He still travelled in a bulletproof car, but the truth was the CARP party was toothless, far too weak to be a threat to anyone. Even so, Grace had hoped Gabriel of all people would understand her desire to bring the problems of his country to a wider audience.
‘You wanted to make a difference, Gabe. It’s the reason you ran for office, it’s the reason our marriage failed.’
‘Don’t blame the party for—’ he began, but she cut him off.
‘Our marriage failed because Parador was the most important thing to you. I just want to go out into the barrios and show the world what’s happening.’
Gabriel stopped and looked at her. ‘This is about Angel Cay, isn’t it?’ he said.
‘What? What, I . . .’ she stuttered, remembering the time she had told her husband about the island. He’d once asked her if she had ever done anything bad and after Caros’ death she’d admitted what had gone on that hot summer night.
‘Just because you once found a body and did nothing about it doesn’t mean you have to spend the rest of your life being a saint, Grace.

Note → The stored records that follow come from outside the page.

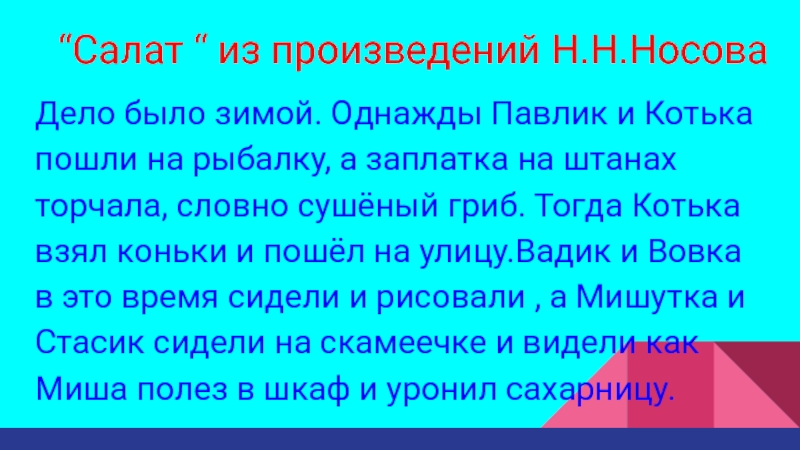 12.Огурцы, Заплатка, На горке, Живая шляпа, Фантазеры, Леденец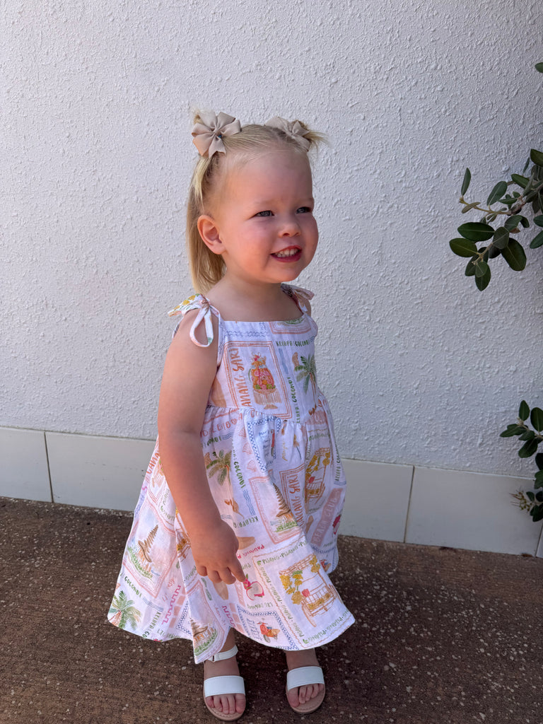Featuring adjustable tie shoulder straps, it offers an easy fit that grows with them, while the exclusive LJC Bali print adds a touch of coastal charm. Effortless, cute, and practical, the Paris Dress is a breezy must-have for the warmer months.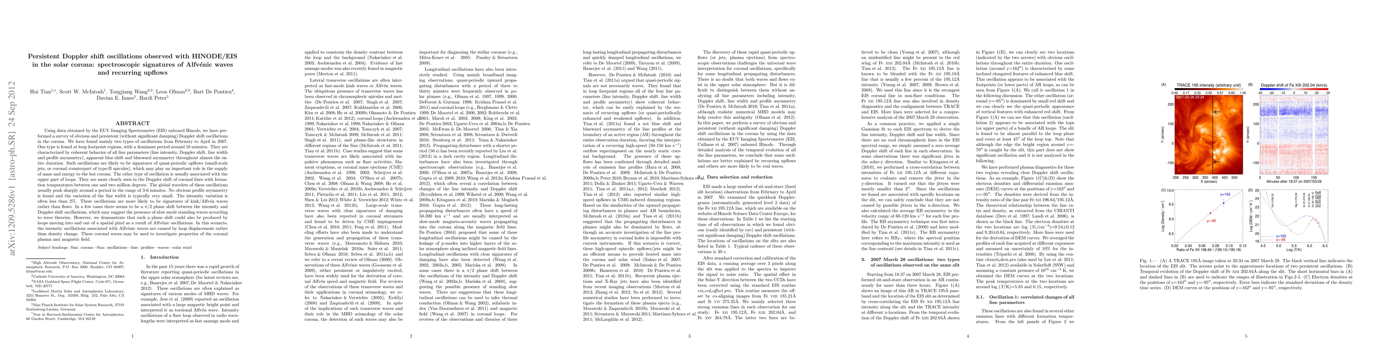 This study using Hinode/EIS data identifies two types of persistent Doppler shift oscillations in the solar corona: Alfvenic waves in upper loop regions and quasi-periodic upflows at loop footpoints, suggesting roles in mass and energy supply to the corona.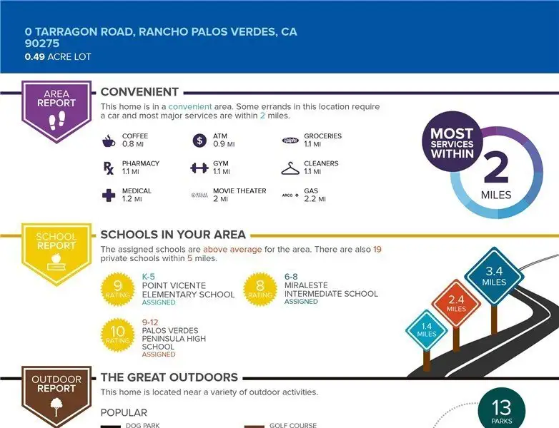 Get away from it all and enjoy a secluded, less-congested part of the Palos Verdes Peninsula with your dream ocean view home at the end of a cul de sac on Tarragon Road! You will be close to nature right in your backyard, with direct access to some of the best hiking areas on the hill. The Three Sisters Reserve opens up beyond your rear property line, giving you a gateway to SoCal’s natural landscape and wildlife from the privacy of your own property. Just shy of a half acre with an unbeatable ocean view, this is one of the last vacant buildable lots in Rancho Palos Verdes. A harbor or Orange County view is nice - but an unobstructed panorama of Santa Catalina Island and the Channel is so much better, and on clear days you can even see Santa Barbara Island! It is quiet and peaceful here, far enough from the drive to limit road-noise and more stars in the night sky without city lights to drown them out. You can hear sea lions near Terranea calling to each other on a summer evening and enjoy the winter whale migration from the tranquility of your own retreat. The Mediterranean climate is ideal at Abalone Cove. When it is cold or hot elsewhere on the Peninsula, it is more temperate here. Located near beach access, shopping, fine dining, world-class golf courses and award-winning Palos Verdes Unified schools. This is your opportunity to snatch up a blank canvas and realize your dreams of peace and calm within the hustle and bustle of LA County. Soils Report available upon request. Seller also has fire department approved/stamped architecturals for water and (fire truck) access, as well as fire flow testing from water purveyor, and soil testing on existing shared driveway to meet the fire department’s All Weather Access Requirements. Documents to be made available to Buyer with an acceptable offer. Lot lines in photos are for illustrative purposes only and not to be relied upon.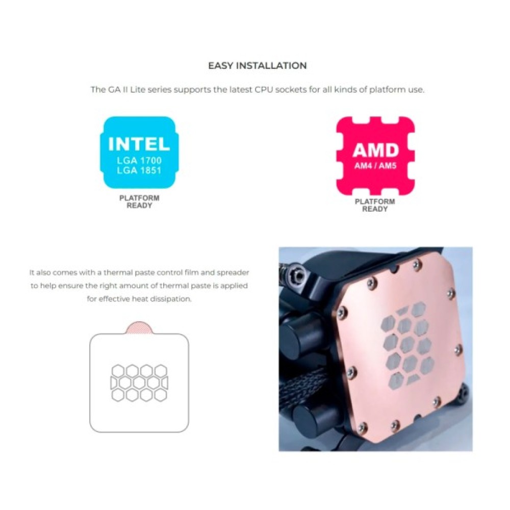 Алюмінієвий радіатор високої щільності товщиною 27 мм максимізує площу поверхні для ефективного розсіювання тепла. Міцна плетена трубка довжиною 400 мм забезпечує виняткову гнучкість, довговічність і герметичність, що гарантує легкість встановлення та преміальну естетику. Радіатор також постачається з плівкою для контролю термопасти та розподільником, які допомагають забезпечити нанесення потрібної кількості термопасти для ефективного розсіювання тепла.

The charity work, the photographs, the documentaries. It’s all atonement for one stupid mistake.’
‘It’s not,’ she said vigorously.
‘Are you papering over the cracks, Grace, or is this really making you happy?’ he asked her, his blue eyes boring into her. ‘Because I want you to be happy, I really do.’

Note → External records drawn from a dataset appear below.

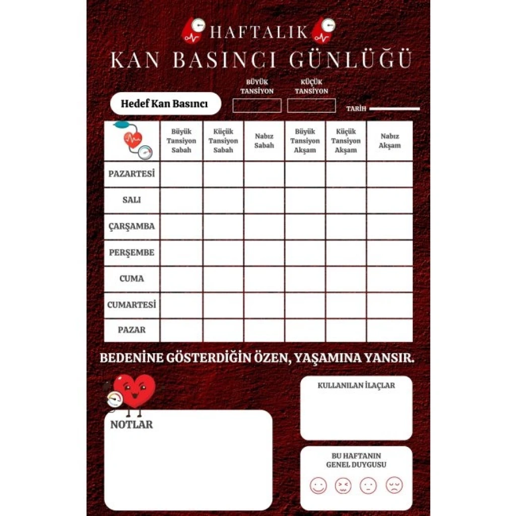Tansiyon Ölçüm Takip Çizelgesi Defteri A Kalite Özel Tasarım 6 Aylık A6 Boyut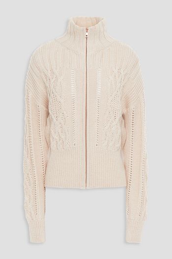 Tie-front wool and cotton-blend sweater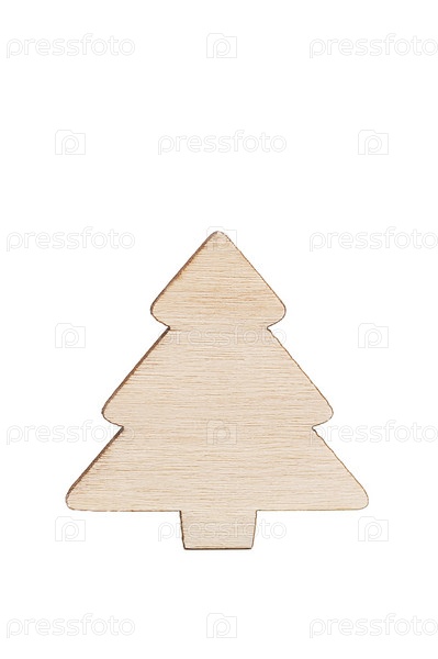 Маленькая деревянная ель на белом фоне, новогоднее украшение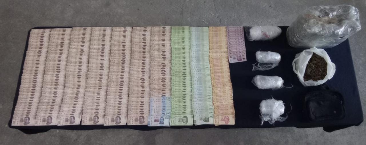 Al entrevistarse con los tripulantes, el canino realizó un marcaje positivo a dicho automóvil, por lo que les solicitaron una revisión, asegurándoles aproximadamente $262,100.00 en efectivo, teléfonos celulares, paquetes de vegetal verde y una bolsa con sustancia similar a la marihuana.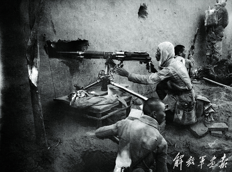 1948年,東北野戰(zhàn)軍發(fā)起遼沈戰(zhàn)役。圖為解放軍在重機槍的掩護(hù)下,在義縣城內(nèi)與國民黨軍隊進(jìn)行巷戰(zhàn)。(攝影/齊觀山)
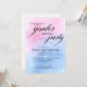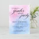 Este convite de festas virtual revela um script elegante em um plano de fundo cor-de-água rosa e azul.

‘Gabe, I . . .’ she began, but just then Gabriel’s wife Martina appeared at the French windows of the house and came across the lawns with a tray bearing three cold drinks for them. She was in navy slacks and a cream silk shirt; elegant, decorous, the politician’s wife Grace had never been able to be. Grace watched Gabriel’s face as Martina approached and she didn’t miss the little smile, the softening of the eyes. He loved her, there was no doubt of that. She wished she could feel happier about it.
‘Will you be staying for lunch, Grace?’ Martina asked, hooking her arm through her husband’s.
‘No, no. My car should be here in twenty minutes to take me into Palumbo.’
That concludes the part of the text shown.